Las bolsas encargadas por el Gobierno de la ciudad tienen una guarda de flores verdes que cruzan su superficie blanca. Los trabajadores que  cobraban 50 pesos por hora para hacerlas –en una jornada laboral de doce (de 7 a 19)– se habían ilusionado con que redondearían un sueldo de 14 mil pesos a fin de mes. Para completarlo debían cumplir media jornada más los sábados. Tambo Quispe cuenta que también fabricaba ropa en el taller, aunque las bolsas son la evidencia de que el Estado porteño se valió del trabajo en negro igual que las marcas de indumentaria.

“Eran de tela medio plastificada y ya venían con el estampado para cortar. Se hacía eso y se las confeccionaba después”, explica este joven boliviano de 30 años. Como él y Raúl (un año menor), Marco Antonio Vega y su pareja Jaqueline Valdivia también son paisanos. Llegaron desde La Paz a Buenos Aires en diferentes momentos. A Tambo Quispe, hasta que se topó con Burgos, le había ido aceptablemente en los nueve años que lleva en la Argentina. Lo empleaban compatriotas que le pagaban todas las semanas.

Vega era el más antiguo en el taller. Había ingresado en agosto pasado. Al tiempo recomendó a su mujer, que fue contratada como cocinera y encargada de limpieza. Trabajaba de 8 a 17 por 7500 pesos mensuales. De esa suma apenas cobró un vale de 200 pesos en dos meses y medio. Para peor, hasta puso dinero de su bolsillo para comprar alimentos, “como la carne que traía de un carnicero vecino a mi casa”. Recuerda también que “cuando entré no había ni para cocinar. No había arroz, ni papas, nada de esas cosas. Yo subía a la oficina de la dueña y le preguntaba: ‘¿Señora, qué voy a hacer hoy? Y ella me respondía: andá y comprá alitas. Y eso hacía. Me ocupaba del desayuno, el almuerzo y la merienda. Hasta yo ponía de mi plata. Ni siquiera eso me pagó”.

 

Jaqueline se quiebra y llora cuando piensa en su hija que vive en Bolivia. “No tengo dinero para enviarle”, solloza. Su situación, como la del grupo, es desesperante. No pueden pagar el alquiler de sus pequeñas viviendas desde que Burgos incumplió sus promesas. Habían dado con ella por medio de un par de radios donde la colectividad boliviana es una buena parte de la audiencia: Constelación y Metropolitana.

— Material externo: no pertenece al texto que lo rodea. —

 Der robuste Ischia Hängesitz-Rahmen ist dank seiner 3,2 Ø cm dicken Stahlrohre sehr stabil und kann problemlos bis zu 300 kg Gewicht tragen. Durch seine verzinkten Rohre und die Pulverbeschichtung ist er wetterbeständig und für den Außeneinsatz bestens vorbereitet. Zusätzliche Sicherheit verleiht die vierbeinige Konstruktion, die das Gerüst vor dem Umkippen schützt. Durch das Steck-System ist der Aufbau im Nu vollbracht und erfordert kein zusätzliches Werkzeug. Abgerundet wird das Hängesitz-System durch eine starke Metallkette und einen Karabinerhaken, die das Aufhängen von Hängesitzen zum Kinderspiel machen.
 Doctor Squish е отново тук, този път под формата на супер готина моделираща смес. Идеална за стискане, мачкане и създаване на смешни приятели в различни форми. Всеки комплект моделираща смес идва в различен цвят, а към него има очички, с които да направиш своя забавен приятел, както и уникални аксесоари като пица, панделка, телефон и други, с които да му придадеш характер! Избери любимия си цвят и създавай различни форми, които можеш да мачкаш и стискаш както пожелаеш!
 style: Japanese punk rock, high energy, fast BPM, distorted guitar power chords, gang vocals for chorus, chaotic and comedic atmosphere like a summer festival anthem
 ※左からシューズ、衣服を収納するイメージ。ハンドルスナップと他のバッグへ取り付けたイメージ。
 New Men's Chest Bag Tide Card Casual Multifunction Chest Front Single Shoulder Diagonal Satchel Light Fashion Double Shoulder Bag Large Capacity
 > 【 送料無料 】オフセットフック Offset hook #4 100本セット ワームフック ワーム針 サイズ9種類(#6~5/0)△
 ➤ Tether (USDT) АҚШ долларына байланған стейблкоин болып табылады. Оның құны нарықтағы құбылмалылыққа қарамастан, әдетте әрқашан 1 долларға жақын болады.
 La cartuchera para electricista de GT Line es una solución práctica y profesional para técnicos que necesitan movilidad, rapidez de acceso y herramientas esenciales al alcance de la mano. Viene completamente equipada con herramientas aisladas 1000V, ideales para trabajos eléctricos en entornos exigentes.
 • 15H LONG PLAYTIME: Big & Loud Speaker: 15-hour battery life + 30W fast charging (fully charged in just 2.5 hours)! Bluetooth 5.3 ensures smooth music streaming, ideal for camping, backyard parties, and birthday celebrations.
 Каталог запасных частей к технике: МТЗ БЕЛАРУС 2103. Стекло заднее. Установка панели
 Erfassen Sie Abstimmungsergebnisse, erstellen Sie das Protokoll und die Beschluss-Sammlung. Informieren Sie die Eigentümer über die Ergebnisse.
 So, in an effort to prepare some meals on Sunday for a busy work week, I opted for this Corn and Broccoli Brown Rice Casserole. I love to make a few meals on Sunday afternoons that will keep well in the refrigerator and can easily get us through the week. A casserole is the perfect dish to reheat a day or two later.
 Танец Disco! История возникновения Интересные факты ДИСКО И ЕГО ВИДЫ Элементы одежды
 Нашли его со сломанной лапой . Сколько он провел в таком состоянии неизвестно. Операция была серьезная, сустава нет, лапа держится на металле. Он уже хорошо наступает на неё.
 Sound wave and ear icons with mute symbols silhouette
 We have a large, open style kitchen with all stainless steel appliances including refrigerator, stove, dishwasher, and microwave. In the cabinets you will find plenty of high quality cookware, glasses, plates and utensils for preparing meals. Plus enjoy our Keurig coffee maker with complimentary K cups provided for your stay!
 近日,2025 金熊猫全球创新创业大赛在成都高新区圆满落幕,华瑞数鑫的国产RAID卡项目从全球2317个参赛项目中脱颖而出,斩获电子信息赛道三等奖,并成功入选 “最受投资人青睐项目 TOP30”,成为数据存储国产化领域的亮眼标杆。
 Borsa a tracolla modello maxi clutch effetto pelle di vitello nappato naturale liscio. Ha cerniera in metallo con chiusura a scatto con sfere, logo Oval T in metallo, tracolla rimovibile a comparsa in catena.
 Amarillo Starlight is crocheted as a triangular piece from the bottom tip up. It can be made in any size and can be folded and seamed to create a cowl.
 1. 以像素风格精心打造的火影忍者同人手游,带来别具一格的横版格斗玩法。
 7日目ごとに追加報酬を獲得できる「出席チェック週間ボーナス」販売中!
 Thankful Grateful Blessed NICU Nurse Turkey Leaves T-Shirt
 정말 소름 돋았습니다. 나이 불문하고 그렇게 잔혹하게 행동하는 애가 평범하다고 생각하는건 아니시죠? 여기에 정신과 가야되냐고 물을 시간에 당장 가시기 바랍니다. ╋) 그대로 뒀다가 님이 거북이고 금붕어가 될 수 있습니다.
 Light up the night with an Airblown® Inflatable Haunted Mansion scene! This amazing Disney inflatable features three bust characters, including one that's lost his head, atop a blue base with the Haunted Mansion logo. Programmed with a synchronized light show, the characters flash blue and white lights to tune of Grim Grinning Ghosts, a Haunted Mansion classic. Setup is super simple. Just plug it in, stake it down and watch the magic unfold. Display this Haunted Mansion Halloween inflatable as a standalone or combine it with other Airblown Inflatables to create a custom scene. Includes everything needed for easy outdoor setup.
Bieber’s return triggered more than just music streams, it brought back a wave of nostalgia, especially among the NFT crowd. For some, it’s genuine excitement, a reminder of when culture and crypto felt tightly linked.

“Los talleres pasan avisos de los trabajos donde se piden costureros con o sin experiencia”, declara Vega, el más curtido y callado del grupo. Cuando promedia la larga entrevista en una vieja casona de Flores, saca un papelito de sus bolsillos y empieza a enumerar una lista de empresas de ropa de marca que hacían sus confecciones en Granaderos 748. Las lee: “Inea, Mimo, Inesita, Grisino, Tucci”.

Quispe agrega que “a veces no te dicen el nombre de la marca que vas a fabricar, pero otras sí. Y vas a esa dirección y te das cuenta que el trabajo es para Cheeky, por ejemplo”. Estos hechos y las marcas involucradas están comprendidos en un contexto. La fundación La Alameda los viene denunciando hace años. El 78 por ciento de las prendas se confeccionan en talleres clandestinos como el que trabajaban los cuatro entrevistados. Se calcula que hay dos millones de personas que hacen ropa, 30 mil de ellas en la ciudad de Buenos Aires. Una sexta parte de esta última cifra lo hacen bajo condiciones de esclavitud.

Edgardo Castro, inspector de la Subsecretaría de Trabajo porteña, sacó su propia conclusión sobre las condiciones que define como “de explotación laboral”. Para el especialista que acompaña las denuncias de los trabajadores “la cuestión de fondo es el sistema capitalista. Como estas marcas no pueden competir con China por sus bajos salarios, la única manera que tienen de hacerlo es bajo la explotación de los trabajadores que son generalmente inmigrantes y con el aval del gobierno de la ciudad. De esa manera equiparan los costos laborales de China. Este tipo de explotación está tipificado en la normativa laboral”, acusa.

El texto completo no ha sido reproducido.